One of the challenges that any gardener faces is deciding when to plant seeds in the new year. Here in the San Francisco Bay Area, and in particular the peninsula, we are very fortunate to have extremely moderate weather and so it means that we can start the planting season very early. But how early?
The one danger that we face is that we can get frost in February. Frost is particularly damaging for certain types of seedlings, and so it’s important to consider. In fact early last year we had about a full week of evening frost. I remember this vividly because I had potatoes that were about to go to maturity and so I was out there every night covering them, and out there every morning uncovering them. I know that people’s memory of weather can be unreliable and so it got me wondering if there was good historical data out there. It turns out that there is.
A few years ago I really got into analyzing weather data. I discovered a UC website that had free, rich, downloadable set of climate data for various spots in California. And with the help of Excel I did a lot of analysis on it. At the time I was just doing it for fun but now as a gardener I can look back at the analysis that I did and pull out some very important information.
Here is a chart of climate data from the year 2000 to the year 2010 for the San Francisco Airport and a spot in Redwood City. The red dots show the high temperature for the day and the blue dots show the low temperature for the day. The green dots are precipitation. For the purposes of deciding when it’s safe to plant, let’s focus on the blue dots.
Although technically 32 degrees Fahrenheit is freezing temperature, I personally start to get concerned when the temperature is below 34F. And so I have drawn a blue dotted line showing approximately where 34F it’s. And you can see that from around the middle of February onwards, the nighttime temperatures in this 10-year period have never dipped below 34F. So this gives me a fair amount of confidence with respect to going and putting seeds or seedlings in the ground.

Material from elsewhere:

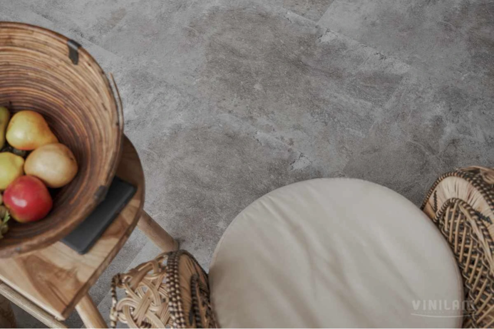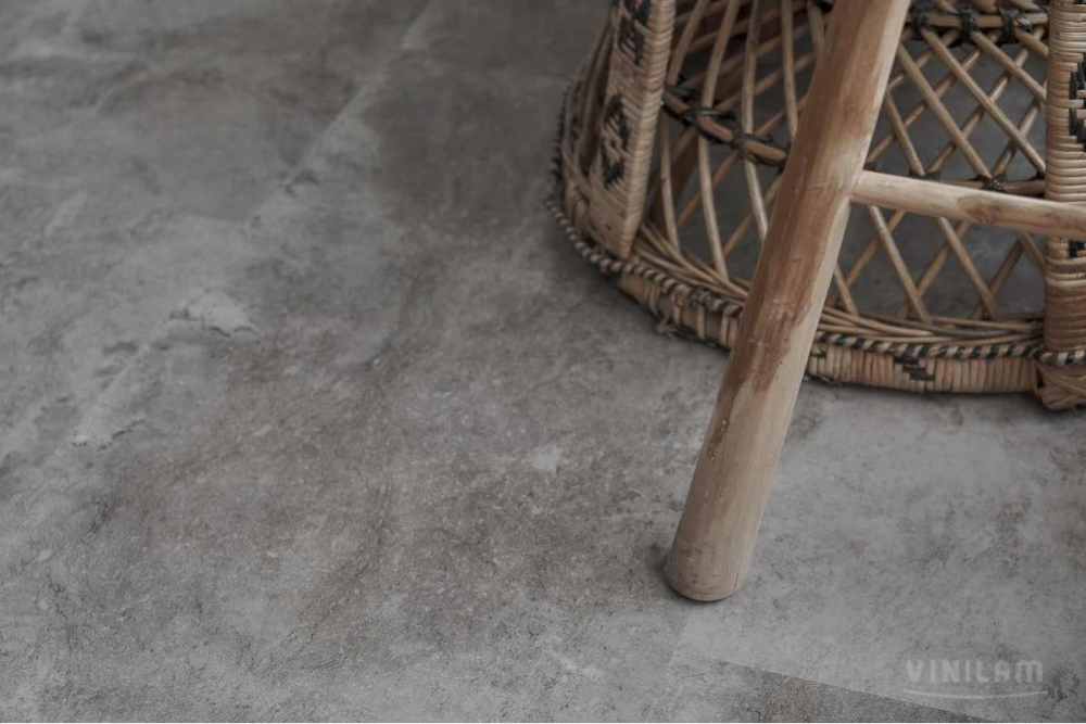 Коллекция Ceramo Stone Glue — клеевой виниловый пол на основе LVT первичный винил - водостойкий, термостабильный — является заменой керамической плитке с укладкой плавающим способом. Защитный слой 0,5 мм из прозрачного ПВХ + 2 слоя полиуретана с керамической крошкой и антибактериальными добавками обеспечивает 43 класс эксплуатации. Материал подходит для тёплого пола, не скользкий (класс R10), износостойкий (класс T), светостойкий (>6), стойкий к химикатам и колёсикам кресел, противопожарный (класс КМ2). Тиснение в регистр с эффектом брашированной поверхности полностью повторяет фотографический декоративный слой. Нет выраженной фаски.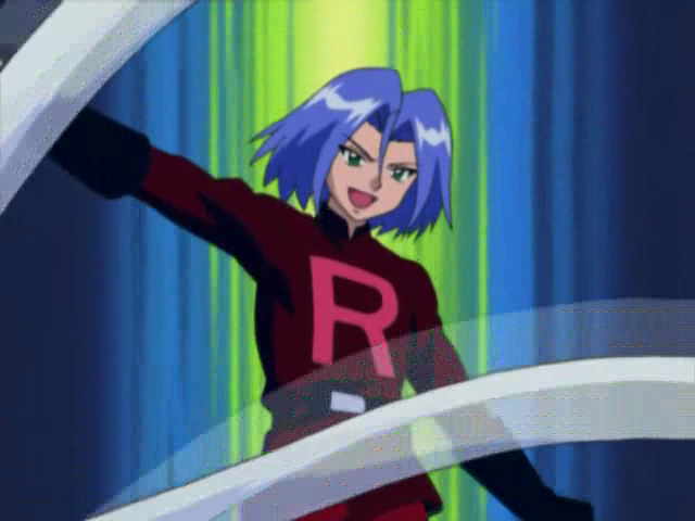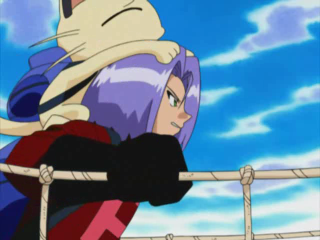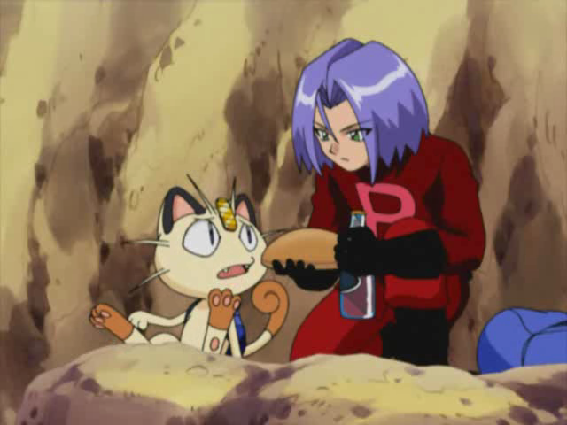 However, James seems oddly determined to succeed with Jessie during their military-esque strength and deprivation training, and Jessie is taken aback by his compassion; he gives up part of his own food to feed their new (and very hungry) Meowth, plus helps the Meowth across through the river and up the cliffsides.

I would say that mid February is a fairly safe guideline overall. Granted, it depends on what you’re planting, but I feel comfortable that I can plant from now going forward and I won’t have frost problems. Keep in mind that some vegetables need much higher temperatures than 32F in order to work, but the point here is that frost creates special problems for many food crops.
One might reasonably ask what happened to the data from 2011 to 2014. The problem I ran into is that the University of California website stopped published the data I was using. Fortunately somebody at the UC extension office was able to refer me to a data source from Utah State University which for some reason has California climate data. (Thank God.) And so if I wanted to I could work that data into my spreadsheet and update my chart.
In any case I just downloaded fresh data and did a quick spot check of weather data from 2011 to present. What I found is that in 2011 there was a late frost from 2/26 to 2/28. And in 2013 there was one night of frost on 2/20. To find the previous late February frost, I have to go back to 1996, and before that, 1990. So while historically there is a *chance* of frost in late February, it’s rare.
The key point I want to communicate here, besides mid-February being a safe time to start planting, is that there is wonderful free data available, if you know where to look, and we can learn a lot from it.